I've had this F#*% Mantis in my tank for a few months now who came in with some live rock, and he has outsmarted me after several serious attempts to trap him..... [smilie=s:
I've torn the tank down 3 times, pulled all of the rocks out and probed every nook and cranny, but couldn't find a thing. I've been trying various traps, including DIY ones and the "X-terminator", but the darn hermit crabs go in for the bait and trigger the trap, so I haven't had any luck that way either.
I finally found some raw shrimp in the store over the weekend and thought maybe the hermits wouldn't go after that as much, but I was wrong.

Does anyone have any tried and true ways to catch these buggers?

I have a few people waiting in line to have me send them my "monster", if only I could catch him....


----------



## tslabaugh (Mar 11, 2006)

You can try a high salinity dip. Most people do this when they get in uncured liverock to find out what hitch hikers they have and which to keep and to get rid of. Of course, you will have to dip every piece of rock for about a minute in water with a SG of 1.030-1.033. Any living thing will freak and crawl out. I was read a thread where someone they knew pulled out a blue ringed octopus doing this!!! Talk about scary! haha. This should work, but be aware that he can cause some damage if he gets ahold of you. HTH


----------



## JanS (Apr 14, 2004)

Thanks for the reply.

This guy came in with some rock that had coral attached to it. Can the coral survive the high saline?

Yeah, I've heard they can split a finger open pretty easily. :shock:


----------



## tslabaugh (Mar 11, 2006)

The coral should be able to survive. Its not that it kills what is dipped in it, it just doesn't like it. lol


----------



## Moo (Apr 27, 2006)

I've heard lots of different ways, one thing you might try is to turn off the lights in the tank and the room. For some reason while not exactly nocturnal, these guys like the dark. So mabey some bait and darkness will work.
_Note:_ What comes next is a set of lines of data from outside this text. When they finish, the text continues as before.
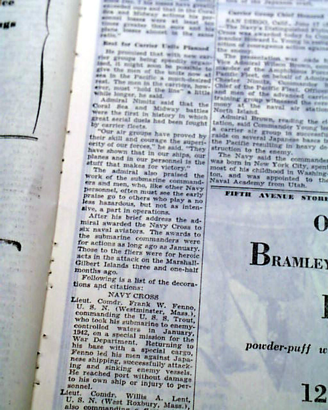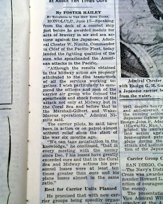 And the top of page 7 has a one column heading: "NIMITZ COMMENDS MEN OF CARRIERS" with subheads and photo showing Admiral Chester W. Nimitz with Ensign G.H. Gay.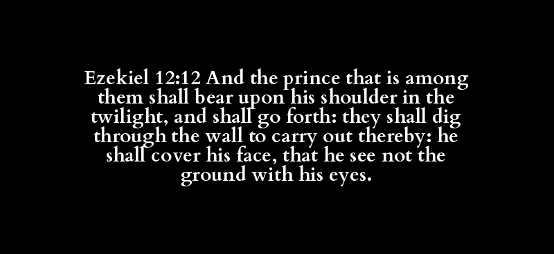 Ezekiel 12:12 And the prince that is among them shall bear upon his shoulder in the twilight, and shall go forth: they shall dig through the wall to carry out thereby: he shall cover his face, that he see not the ground with his eyes.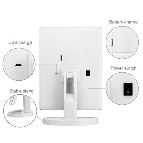 - FUNCTIONAL STORAGE:The bottom tray allows you to keep all of your beauty necessities in one convenient place,such as lipsticks,earings and other bracelets.Powered by a USB charging cable (included) or 4 AAA batteries (not included).

You could also try the good 'ole bait in the net trick.
Just put some bait in the fish net lay the fish net in the tank with an open end and then just wait.

I dunno, hope this helps.


----------



## Cassie (May 27, 2006)

I just found these tips on how to catch them:
1. Replace rock in its own, isolated tank with saltwater. Do not provide sources of food for several days, then trap mantis using bait.
2. Dunk rock quickly in carbonated water. You may use club soda or make your own liquid by mixing dry ice and saltwater. The mantis shrimp will quickly scoot out of the rock when exposed to this.
3. Squirt boiling or hot water into the cavities where mantis shrimps may be hiding. This has been suggested to me by retailers of local fishing stores as well.
4. Dunk rock in freshwater. Some people say they have used this to good effect, but others note that it could severely damage the other inhabitants of the live rock.

link here: How to Trap a Mantis Shrimp?


----------



## lawngnome (Aug 27, 2006)

HAve you tried the soda bottle trap yet? Hermits could get into it but it would still be usable after they did.


----------



## JanS (Apr 14, 2004)

Thanks for the additional tips everyone. 

I tried the soda bottle thing a few weeks ago and actually got my first glimpse of him when I turned the lights on in the morning.... He was trying to get in the wrong end of the trap....](*,)


----------



## gibmaker (Jan 3, 2007)

I dont have a saltwater tank, and I think you are talking about the mantis shrimp, cant that thing punch like a proffesional boxer? I thought they were really awesome looking when I saw them. why are they a large trouble in a saltwater tank? just curious I dont know much about saltwater but want to get into it eventually


----------



## Ram Man (Jan 28, 2007)

They are a problem because they will eat the clean up crew, then when that is gone they will move to the fish because they have nothing else to eat. The punching threw glass thing is a myth related to all mantis shrimp when it is only about 3 species found in the aquarium trade that are capable of this. I myself had a female g. smithii and she only hit me once, only a little blood shed. didnt hurt alot eaither, felt like being hit by an airsoft gun. majority of mantis specie stay under 3 inches and can be kept in a 5 gallon their whole life with no problems. it is when you get into the larger species such as peacock mantis shrimp that you need a larger tank, about 30 gallons with arcrilic on the bottom of the tank under the sand


----------



## JanS (Apr 14, 2004)

It's funny this thread came back up again today.
I've been faithfully setting a trap every night for the past few weeks with no luck, so I decided once again that I'd have to tear the tank down. I did that today and took it right down to the substrate, dipped every single piece of rock and coral in a bucket of freshwater, and dug around in the substrate a little. Nothing.... Grrrr.... He must be stubborn enough to stick with it in his rock even when it is dipped in FW.
I have a bunch of sliming, unhappy coral right now, but hopefully they'll get over it.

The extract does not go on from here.